Evidence-Based Prevention and Management Algorithm
Primary Prevention (all HD patients):
- Use high-flux synthetic membranes from dialysis initiation
- Online HDF if available and suitable
- Ultrapure dialysate to reduce inflammatory cytokines that promote β2M production76
- Optimize dialysis adequacy (Kt/V >1.4)
- Consider more frequent dialysis (5-6 times weekly) if feasible
For Established DRA:
- Switch to online HDF (post-dilution, >20 L convection volume)
- Consider β2M adsorption columns if available (1-2 times weekly)

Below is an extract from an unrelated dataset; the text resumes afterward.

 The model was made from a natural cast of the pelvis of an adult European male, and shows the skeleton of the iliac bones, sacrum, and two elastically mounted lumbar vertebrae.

- Symptom management: NSAIDs, corticosteroid injections for acute flares
- Surgical intervention: Carpal tunnel release, joint replacement if disabling
- Active pursuit of kidney transplantation77
Monitoring Strategy:
- Serum β2M every 6 months
- Annual shoulder radiographs (cysts are early markers)

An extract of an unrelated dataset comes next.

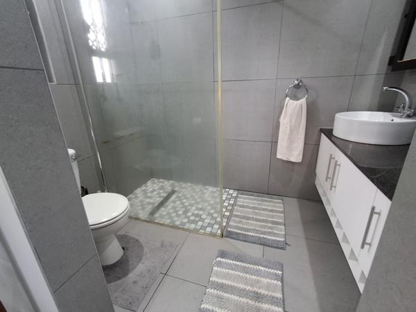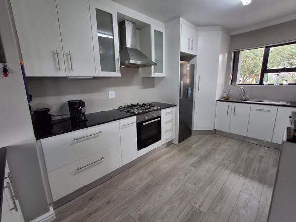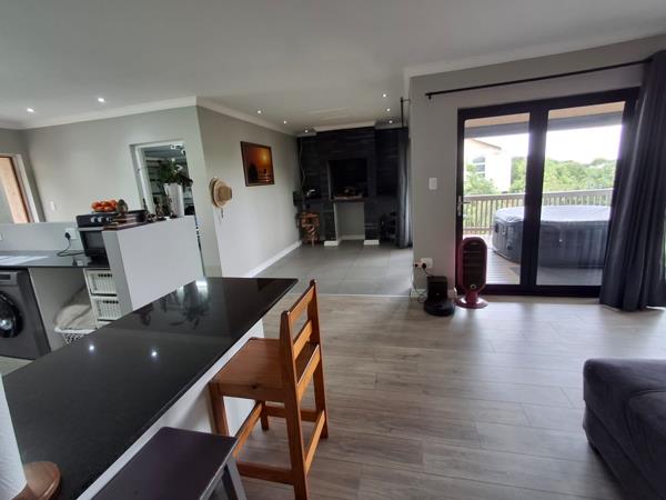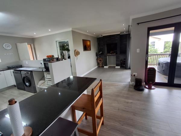 The living area extends through stacker doors onto a stunning wooden deck, providing a private escape overlooking a lush kloof. Here, you can enjoy the sounds of nature while relaxing in the sheltered Jacuzzi. The braai area, also located on the deck, makes it easy to host gatherings with friends and family. Surrounded by dense bush and trees, this home feels like a true sanctuary, with regular visits from local wildlife.

- Clinical assessment for carpal tunnel symptoms biannually
Future Directions:
- Novel β2M-binding polymers in development
- Gene therapy to reduce β2M production
- Small molecules that inhibit β2M fibrillogenesis
- Enhanced convective therapies (expanded hemodialysis)78
Conclusion
Management of acid-base and electrolyte disorders during RRT requires nuanced understanding that extends beyond simple dialysis prescriptions. Regional citrate anticoagulation demands vigilant monitoring for metabolic alkalosis and citrate accumulation. The traditional concept of uniform uremic acidosis has evolved to recognize distinct anion gap patterns requiring individualized management. Dysnatremias during continuous therapies reflect complex sodium sieving and conductivity-based mechanisms. Phosphate kinetics demonstrate paradoxical patterns between intermittent and continuous modalities, necessitating opposing management strategies. Finally, long-term hemodialysis patients face progressive β2M amyloidosis, increasingly manageable with enhanced clearance strategies and novel adsorption technologies.

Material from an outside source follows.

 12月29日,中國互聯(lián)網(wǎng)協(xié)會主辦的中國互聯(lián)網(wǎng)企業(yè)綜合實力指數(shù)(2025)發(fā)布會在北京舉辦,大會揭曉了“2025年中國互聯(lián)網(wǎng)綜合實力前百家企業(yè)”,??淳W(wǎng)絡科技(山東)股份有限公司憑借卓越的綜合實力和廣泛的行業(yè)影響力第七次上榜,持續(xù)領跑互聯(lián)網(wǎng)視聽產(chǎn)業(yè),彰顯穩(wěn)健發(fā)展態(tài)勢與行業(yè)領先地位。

Internists caring for RRT patients must move beyond cookbook prescriptions to embrace physiologically-informed, dynamically adjusted approaches that anticipate and prevent these complications. The integration of bedside clinical acumen with sophisticated understanding of solute kinetics, membrane physics, and metabolic consequences defines excellence in modern dialysis care.